This study forms part of a larger programme of research on WHOBARS and the Checklist. The data were collected in three tertiary hospitals in Auckland, New Zealand (NZ) in 2016 and included 60 teams (243 staff members, 138/50.12% women) with an equal number of teams per site (n=20). Each included case was observed in its entirety by the two raters, each independently rating the five WHOBARS items in each of the three Checklist phases: (1) sign in, before induction of anaesthesia; (2) time out, before skin incision; and (3) sign out, prior to the patient leaving the OR. Sixty teams were observed in 60 different cases, but there were missing data on one or more of the Checklist phases from six teams, so we had complete data from a total of 54 teams (18 from each site) for the subsequent analysis. The estimated required sample size for similar reliability studies with two raters (α=0.05 and β=0.10) is 36 cases.19 We used the following selection, entry and exclusion criteria. All elective and acute cases (adults and children) involving surgery under general anaesthesia during normal working hours were eligible. Cases were selected on the basis of the number of OR staff in the room with prior written consent. Only one case from any single OR was observed per day. The research staff had sought prior written consent from OR staff members during presentations at staff meetings. The numbers of OR staff in a team are, to a certain extent, fixed, according to staffing requirements for OR. OR cases were selected to prioritise those cases where the percentage of staff involved in that case had provided prior written consent. If there were staff who had not provided prior written consent, that was obtained on the day. While the same team was not observed more than once, some individuals may have been in more than one of the 60 observed teams. Cases where any staff member or the patient withheld consent were excluded. Patients were verbally informed about the study and asked to provide verbal consent prior to the observation. They could opt out if they did not want study personnel present during their surgery. Using the checklist is a standard safety requirement in NZ hospitals and all OR staff members had received training and acquired experience on using checklist.
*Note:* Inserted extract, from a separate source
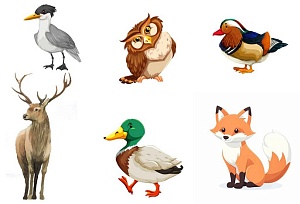 Слова: Волк, лиса, ёж, белка, лось, олень, медведь. Дятел, сорока, галка, глухарь, синица, голубь, снегирь, поползень, ворона, сорока, клёст. (Затем выставляются картинки диких животных и зимующих птиц на мольберт, в названии которых встретились отрабатываемые звуки.)

The WHOBARS has five items for each phase of the Checklist (see above). There is a 7-point rating scale for each item, on which 1 indicates poor use and 7 indicates excellent use of the Checklist in relation to a particular item of the instrument (see online supplementary appendix 1). Each item is anchored at each end with examples of behaviours specific to the particular item in each particular phase of the Checklist. Below each item is a space for observer comments. The five items of the WHOBARS are described in the original paper.10

Rater training and reliability

We followed the same methods that Devcich et al 10 used for enhancing inter-rater reliability (consistency of scoring between raters) prior to in-theatre observations. Two observers, henceforth called ‘raters’, engaged in six training sessions and watched videos that were created in a high-fidelity simulation facility. The videos illustrated the three phases of the Checklist in three broad quality categories of implementation (poor, average and excellent). The first session was facilitated by the same expert rater as in the initial study.10 After watching each video clip, the raters completed the WHOBARS, compared scores and discussed any discrepancies and the reasons for their ratings. Points of confusion were resolved during training sessions and in the project team meetings. Ratings were compared internally and with the ratings from the original study10 and the intraclass correlation coefficient with the two raters from this study and 12 trained raters from the original study, across the 12 training clips, was 0.84.

Data analysis

The study employed EduG 6.1-e software,20 which uses formulas originally developed by Brennan.21

G theory-based analysis involves four sequential steps (20, 21): defining the measurement design (step 1); computing variance components using traditional ANOVA (step 2); conducting a G-study (15) to estimate the overall reliability (G-coefficient) of the WHOBARS and sources of measurement error based on the ANOVA variance estimates (step 3); and applying a D-study to estimate G-coefficients for different measurement designs, to optimise reliability of the measurement (step 4).

Defining measurement design and computing descriptive statistics (step 1): we applied random effect nested measurement design for both G and D studies with teams (T) nested in sites (S) and expressed as team (T) by item (I) by phase (P) by site (S) and by rater (R) or T × I × P × S × R. Teams were the object of measurement (defined as a differentiation facet that is not a source of error), and items, phases, sites and raters were instrumentation facets, which are potential sources of error variance.22 Generalisability of WHOBARS scores was estimated over populations of teams and raters. Descriptive statistics were calculated for the current measurement design.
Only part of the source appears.